There are but few known cases of succession from very complex antecedents which have not either been actually accounted for from simpler laws, or inferred with great probability (from the ascertained existence of intermediate links of causation not yet understood) to be capable of being so accounted for. It is, therefore, highly probable that all sequences from complex antecedents are thus resolvable, and that ultimate laws are in all cases comparatively simple. If there were not the other reasons already mentioned for believing that the laws of organized nature are resolvable into simpler laws, it would be almost a sufficient reason that the antecedents in most of the sequences are so very complex.

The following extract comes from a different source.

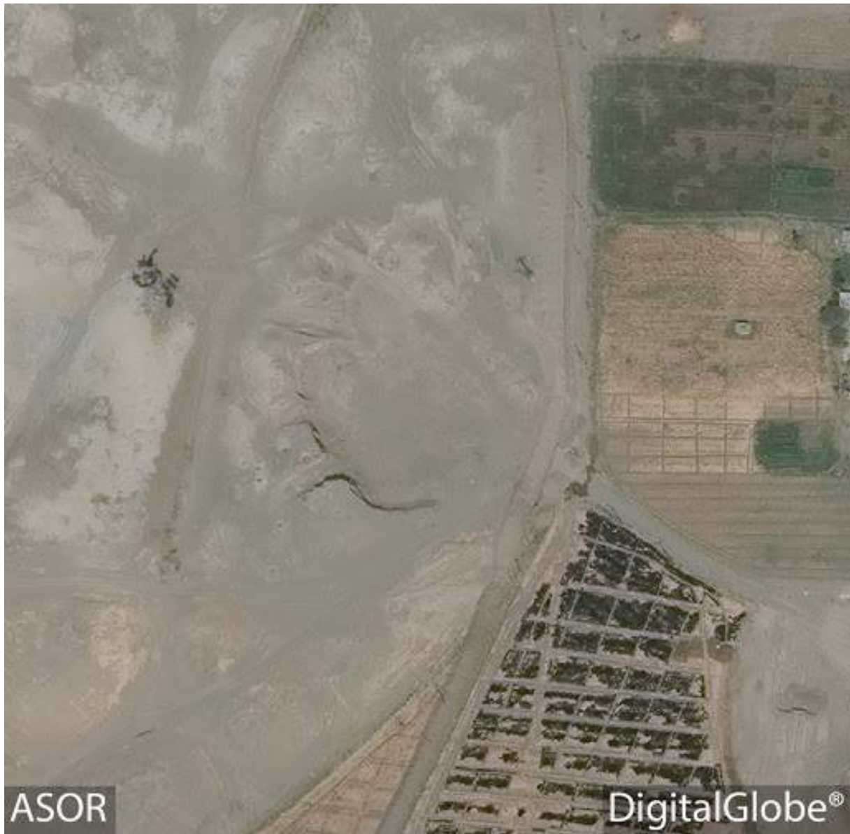
Tell Bi'aa, digging of mound expanded further (DigitalGlobe; September 5, 2015)

§ 7. In the preceding discussion we have recognized two kinds of empirical laws: those known to be laws of causation, but presumed to be resolvable into simpler laws; and those not known to be laws of causation at all. Both these kinds of laws agree in the demand which they make for being explained by deduction, and agree in being the appropriate means of verifying such deduction, since they represent the experience with which the result of the deduction must be compared. They agree, further, in this, that until explained, and connected with the ultimate laws from which they result, they have not attained the highest degree of certainty of which laws are susceptible. It has been shown on a former occasion that laws of causation which are derivative, and compounded of simpler laws, are not only, as the nature of the case implies, less general, but even less certain, than the simpler laws from which they result; not in the same degree to be relied on as universally true. The inferiority of evidence, however, which attaches to this class of laws, is trifling, compared with that which is inherent in uniformities not known to be laws of causation at all. So long as these are unresolved, we can not tell on how many collocations, as well as laws, their truth may be dependent; we can never, therefore, extend them with any confidence to cases in which we have not assured ourselves, by trial, that the necessary collocation of causes, whatever it may be, exists. It is to this class of laws alone that the property, which philosophers usually consider as characteristic of empirical laws, belongs in all its strictness — the property of being unfit to be relied on beyond the limits of time, place, and circumstance in which the observations have been made. These are empirical laws in a more emphatic sense; and when I employ that term (except where the context manifestly indicates the reverse) I shall generally mean to designate those uniformities only, whether of succession or of co-existence, which are not known to be laws of causation.

171 Thus water, of which eight-ninths in weight are oxygen, dissolves most bodies which contain a high proportion of oxygen, such as all the nitrates (which have more oxygen than any others of the common salts), most of the sulphates, many of the carbonates, etc. Again, bodies largely composed of combustible elements, like hydrogen and carbon, are soluble in bodies of similar composition; resin, for instance, will dissolve in alcohol, tar in oil of turpentine. This empirical generalization is far from being universally true; no doubt because it is a remote, and therefore easily defeated, result of general laws too deep for us at present to penetrate; but it will probably in time suggest processes of inquiry, leading to the discovery of those laws.

172 Or, according to Laplace’s theory, the sun and the sun’s rotation.

173 Supra, book iii., chap. v., § 7.